解雇の外国人、手薄な支援 コロナ禍で働く環境悪化

アルバイト先から突然解雇され、POSSE仙台支部で相談を受ける女性(手前)

 新型コロナウイルスの感染拡大に伴い、突然解雇されるなど、外国人の労働環境が悪化している。職を失って生活苦に陥り、支援を必要とする人が増えている。(生活文化部・矢嶋哲也)

 仙台市若林区に住むベトナム人の女性(32)は2月上旬、アルバイト先の太白区のすし店から突然解雇された。理由はおろか、「解雇する」という直接の通告すらなかった。同僚の外国人から「店長がもう来ないと言っていた」と聞き、解雇の事実を知ったという。

 「3月末まで働く予定だった。最後に出勤した時も店長から何も言われず、びっくりした」。女性は当惑気味に振り返る。

 ハノイ近郊の出身で、4年前に来日した。青葉区の日本語学校に2年通った後、同区の専門学校でパソコンの操作やビジネスマナーなどを学び、今春卒業した。日本での就職を希望したが、新型コロナの影響もあって、外国人を採用している企業が少なく、就職先は見つかっていない。

 すし店では2018年11月から働いていた。月曜から金曜の午前6時半~正午、総菜作りなどをして月収は10万円程度。給料はアパートの家賃や食費など、生活費に充てていた。
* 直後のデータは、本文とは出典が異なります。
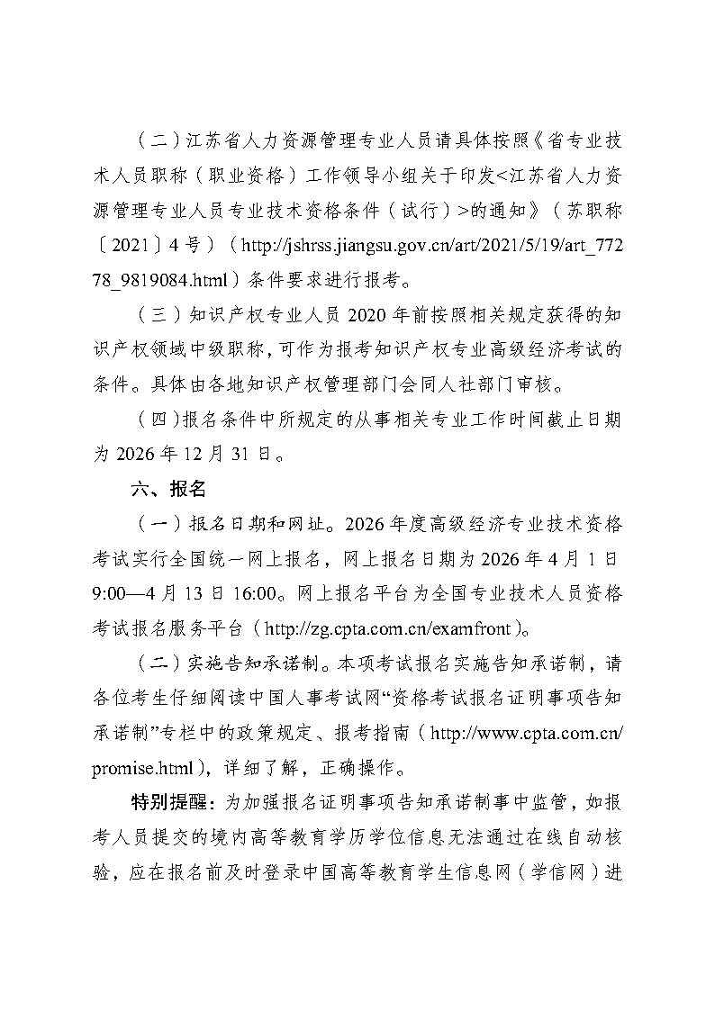 关于2026年度高级经济专业技术资格考试考务工作有关事项的通知

 解雇された後、ベトナムの実家から10万円を仕送りしてもらったが、これ以上当てにできない。「インターネットや友人の紹介で仕事を探しているが、難しい。レストランでアルバイトをしている友人も、昨年から短い時間しか働かせてもらえない。コロナの影響でお金に困っている外国人は多い」と女性の表情は暗い。
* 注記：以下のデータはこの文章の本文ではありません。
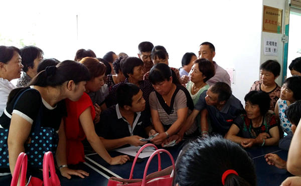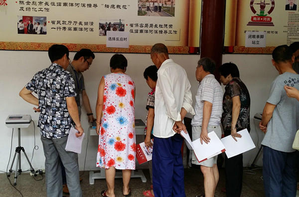 图2 龙湾区瑶溪街道测试现场,村民排队进行选择反应时测试
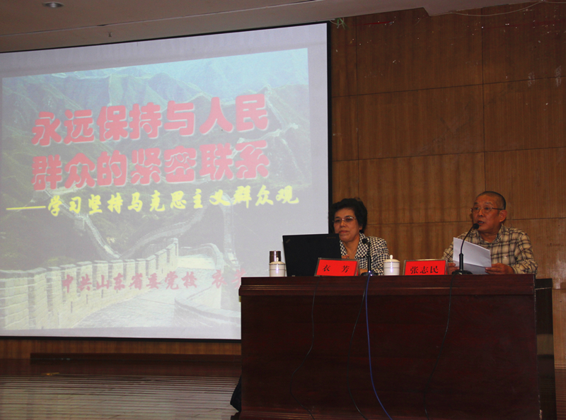 学习教育是开展党的群众路线教育实践活动的首要环节,也是践行党的群众路线的重要途径。为进一步深化和巩固前期学习效果,增强贯彻党的群众路线的自觉性,为扎实做好整个教育实践活动打下坚实的思想基础,9月27日下午,学校又特别邀请省委党校原副校长、正厅级巡视员衣芳教授,作了题为《永远保持党与人民群众的紧密联系》的专题辅导报告。报告会由党委副书记、院长张志民主持,校党委书记李宗伟,副院长刘大力、刘晓静及学校科级以上干部、辅导员、教工党员、学生党员和入党积极分子代表听取了报告。
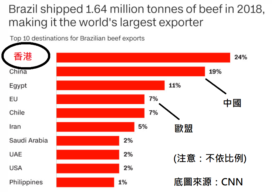 總括地說,香港人食巴西牛肉佔該國出口約十分之一或以上,因出口導向的畜牧業引致的亞馬遜熱帶雨林損耗(包括大火),其中十分之一責任要算到香港頭上,不能逃避,從人均食用量看,香港人的「巴西牛肉食量」更是鶴立雞群。
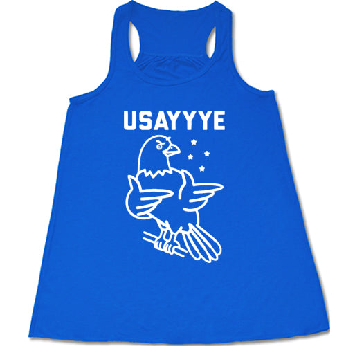 coral tank with saying "usayyye" and an eagle in white

 女性は、友人の紹介でNPO法人POSSE(東京)の仙台支部に窮状を相談。「どうして首にしたのか、店長の話を聞きたい」と訴える。

 東北6県には2020年6月現在、約6万5000人の外国人が暮らす。約1万4000人が集まる仙台市には、若い留学生が多い。新型コロナウイルスの影響でアルバイト先がなくなるなど、生活に困窮する人が少なくないという。
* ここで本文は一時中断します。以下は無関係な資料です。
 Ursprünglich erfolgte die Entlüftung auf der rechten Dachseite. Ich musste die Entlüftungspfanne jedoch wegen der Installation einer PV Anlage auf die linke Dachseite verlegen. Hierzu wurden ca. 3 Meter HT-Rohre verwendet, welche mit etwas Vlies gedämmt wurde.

 19の言語で電話相談に応じる仙台多文化共生センター(青葉区)に昨年寄せられた相談は約1000件。約500件がコロナ関連だった。「増えたのは昨年6月ごろから。生活支援制度を使いたいが申請が難しいといった内容が多く、食べ物や住む場所がない人もいた」とセンター長の武山真紀さん(57)が説明する。

 地域別ではネパール出身者が最も多く、ベトナム出身が続いた。多言語の相談に対応できる機関が少なく、宮城県外からの問い合わせもあった。

 センターは相談内容に応じて、民間支援団体の紹介や支援制度の予約代行などをする。武山さんは「弁護士や行政書士らによる専門相談会も月1回開いている。少しでも困っている人の力になりたい」と強調する。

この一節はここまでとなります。